Ahora que el cine español ha abandonado las coproducciones de bajo presupuesto y el gusto por los subgéneros, el malagueño Pedro Temboury se empeña en nadar contracorriente de la mano de un monstruo abisal bautizado con el increíble nombre de Jocántaro. Kárate a muerte en Torremolinos, la primera película de Temboury, hizo ayer irrupción en la Mostra con toda la parafernalia que se merece. Un grupo de amigos del realizador se disfrazó de karateca para presentar la cinta en una coreografía tan loca como la posterior proyección. Porque Kárate a muerte en Torremolinos es una excéntrica película que recupera los viejos clichés del cine de serie Z (peleas de karatecas, zombies, alienígenas, magia negra y surfistas, entre otras perlas) para construir un filme muy entretenido y repleto de caspa, que representa la única producción española del alternativo ciclo dedicado al cine traka. Rodada con poco más de 6.000 euros, la cinta cuenta con la desinteresada colaboración como actores del mítico director de cine casposo Jesús Franco, y de Mohamed Kashoghi, hijo de uno de los magnates de la Costa del Sol, que interpreta el papel de mendigo.

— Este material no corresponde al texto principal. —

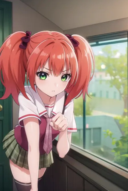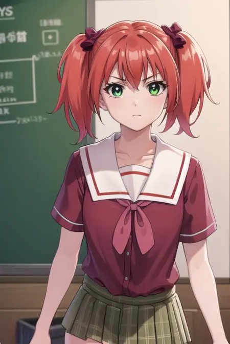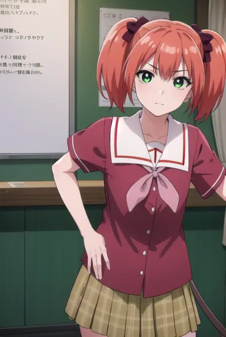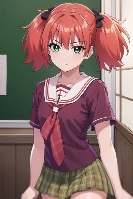 kokoa shuzen,双马尾,(绿色眼睛:1.5),红发,发带,短发,

La película de Temboury aportó un poco del atrevimiento del que carece, salvo honrosas excepciones, la sección oficial, en la que ayer entraron en competición dos nuevos filmes. El primero fue el italiano Giravolte, de Carola Spadoni, una película que se resume en su primer fotograma: un hombre atraviesa Roma, mientras se sobreimpresionan los títulos de crédito, a lomos de una Vespino de segunda mano. Esta imagen premonitoria se erige después en metáfora de lo que espera al espectador. Porque Spadoni quiere ser como Nanni Moretti en Caro diario, pero sus pretensiones quedan al mismo nivel que la comparación entre la Vespa de Moretti y el Vespino de Spadoni, pues los bocados de realidad de Giravolte carecen de la dimensión analítica y crítica de la mirada de Moretti.

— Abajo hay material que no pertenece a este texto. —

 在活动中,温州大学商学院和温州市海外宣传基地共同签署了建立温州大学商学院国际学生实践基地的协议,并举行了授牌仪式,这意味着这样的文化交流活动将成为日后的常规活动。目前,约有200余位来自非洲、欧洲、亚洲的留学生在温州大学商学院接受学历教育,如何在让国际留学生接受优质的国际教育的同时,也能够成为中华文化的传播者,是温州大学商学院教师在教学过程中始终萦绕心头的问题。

La argelina Inch'allah dimanche, de Yamina Benguigui, está plagada de buenas intenciones y posee un atisbo de crítica social. Pero la denuncia de la situación familiar de la mujer en la cerrada sociedad matriarcal musulmana, en la Francia de la década de los setenta, se diluye en una historia excesivamente maniquea que, para colmo, finaliza de la manera más hollywoodiense posible, como si su directora se hubiera decantado por un final improvisado para salvar con honor el lío argumental en el que se había metido.